Ocular ultrasound is now in increasing demand in routine ophthalmic clinical practice not only because it is noninvasive but also because of ever-advancing technology providing higher resolution imaging. It is however a difficult branch of ophthalmic investigations to grasp, as it requires a high skill level to interface with the technology and provide accurate interpretation of images for ophthalmic diagnosis and management. It is even more labor intensive to teach ocular ultrasound to another fellow clinician. One of the fundamental skills that proved difficult to learn and teach is the need for the examiner to "mentally convert" 2-dimensional B-scan images into 3-dimensional (3D) interpretations. An additional challenge is the requirement to carry out this task in real time.
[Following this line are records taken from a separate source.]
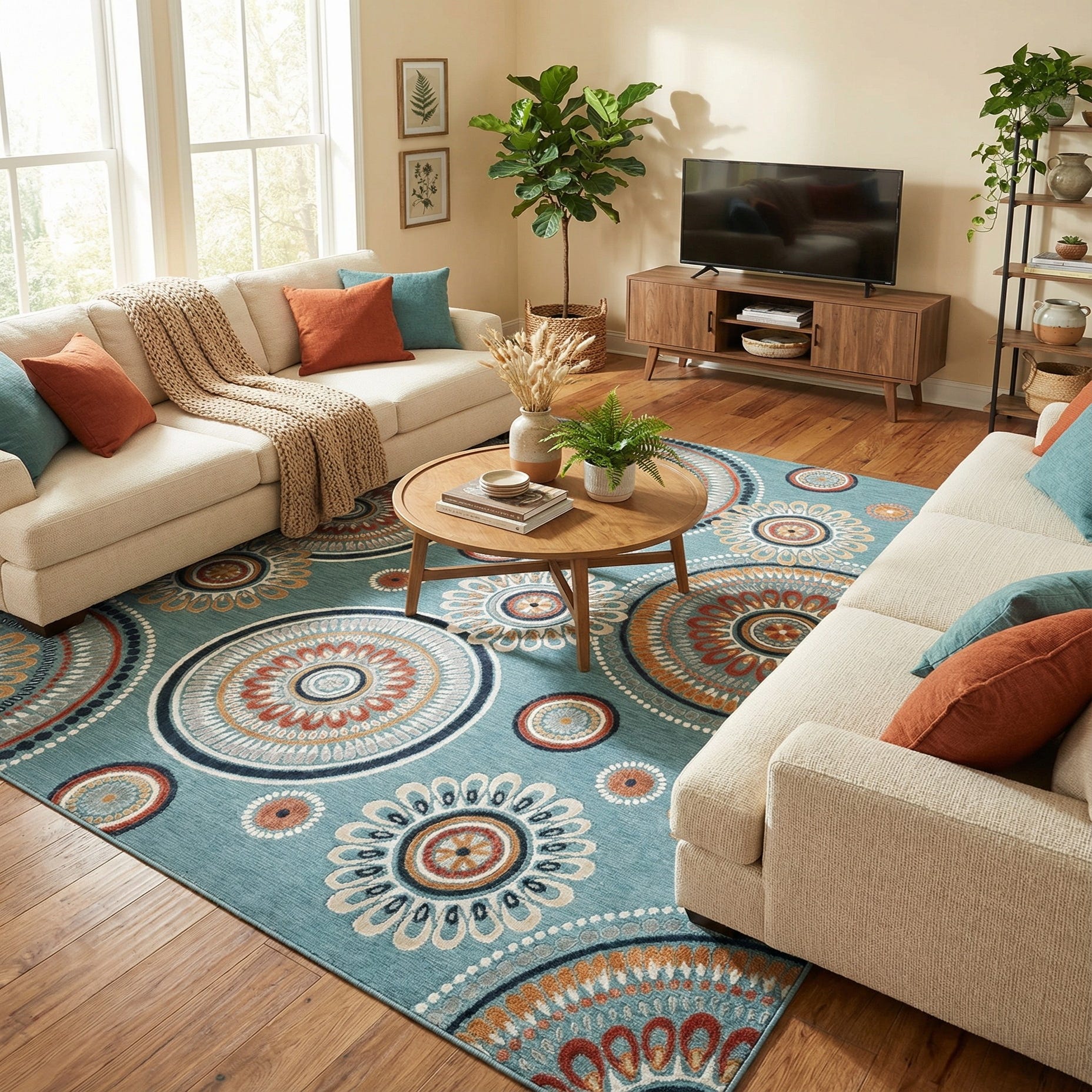 This versatile design works well on a covered patio or sunroom when paired with rattan seating and linen cushions, and it complements casual coastal or contemporary interiors with whitewashed wood and navy accents. It also anchors a family room or breakfast nook, pairing nicely with neutral sofas, light wood tables, or mid-century modern furnishings that pick up the rug’s blue and gold tones.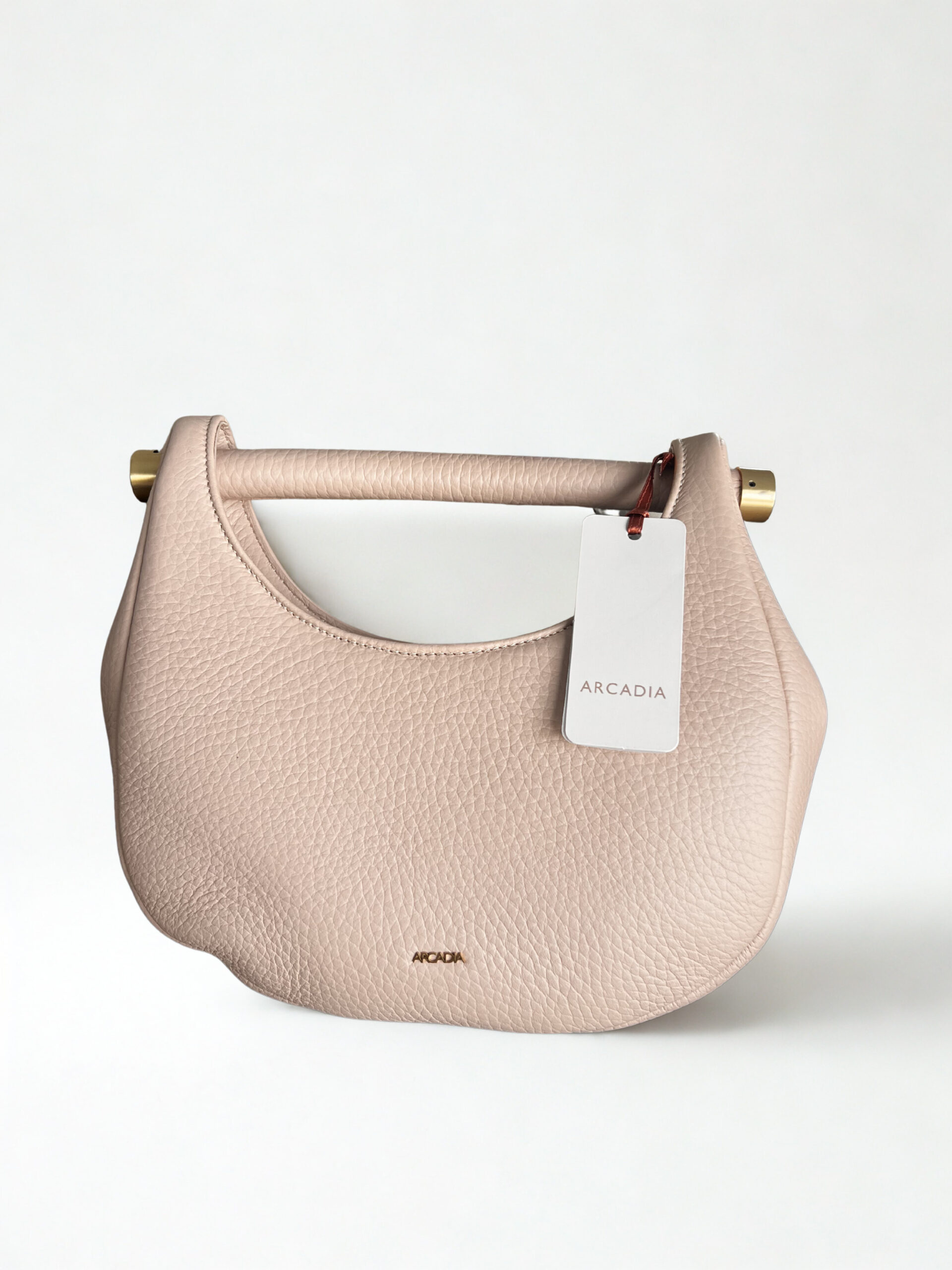 Questa borsa di ridotte dimensioni, ha il caratteristico taglio a semicerchio, e il manico molto particolare perchè è dritto. Disponibile in due varianti colore, con taschina interna portatrucco e doblone di riconoscimento all’interno, con scritta sulla parte frontale. Chiusura con cerniera, piedini proteggi base e possibilità di aggiungere la tracolla. La tonalità rosa è un cipria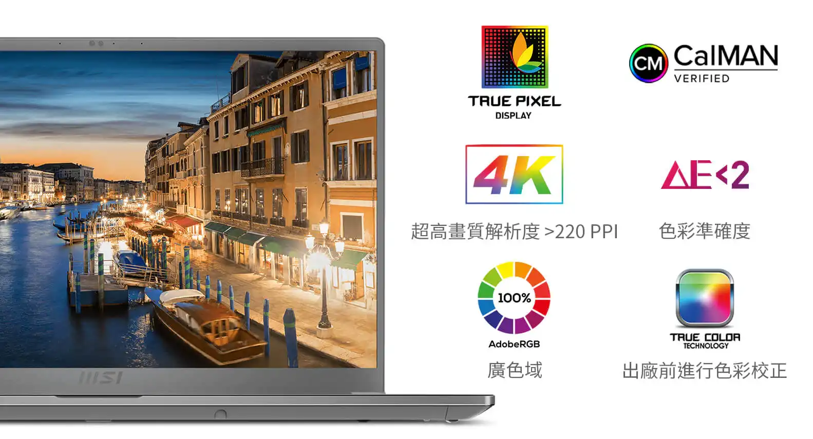 MSI獨家True Pixel顯示技術包括4K UHD超高畫質解析度的面板,透過獨家True Color 校正技術調校出更精準的色彩,支援100% AdobeRGB廣色域提供更完整範圍顏色呈現,以Delta E色彩精準度而言,已達到Delta E<2的極度準確數值。同時,True Pixel技術也經過CalMAN專業色彩認證,提供最準確且真實的視覺呈現。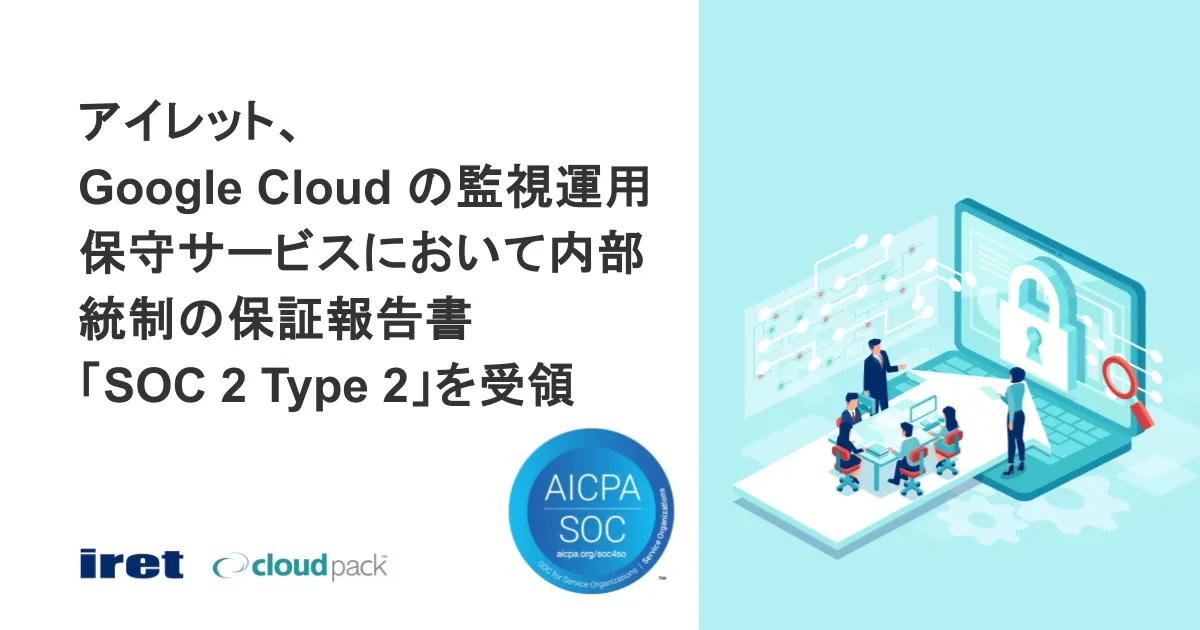 アイレット株式会社は、クラウドサービス「cloudpack」を通じて提供するGoogle Cloudの監視運用保守サービスにおいて、SOC 2 Type 2保証報告書を受領したことを発表しました。SOC 2は、米国公認会計士協会(AICPA)が定める基準で、特に受託サービスにおける内部統制の有効性を評価する重要な報告書です。

We have developed a novel approach to teach ocular ultrasound by using a novel 3D ocular model. A 3D virtual model is built using widely available, open source, software. The model is then used to generate movie clips simulating different movements and orientations of the scanner head. Using Blender, Quicktime motion clips are choreographed and collated into interactive quizzes and other pertinent pedagogical media. The process involves scripting motion vectors, rotation, and tracking of both the virtual stereo camera and the model. The resulting sequence is then rendered for twinned right- and left-eye views. Finally, the twinned views are synchronized and combined in a format compatible with the stereo projection apparatus. This new model will help the student with spatial awareness and allow for assimilation of this awareness into clinical practice. It will also help with grasping the nomenclature used in ocular ultrasound as well as helping with localization of lesions and obtaining the best possible images for echographic diagnosis, accurate measurements, and reporting.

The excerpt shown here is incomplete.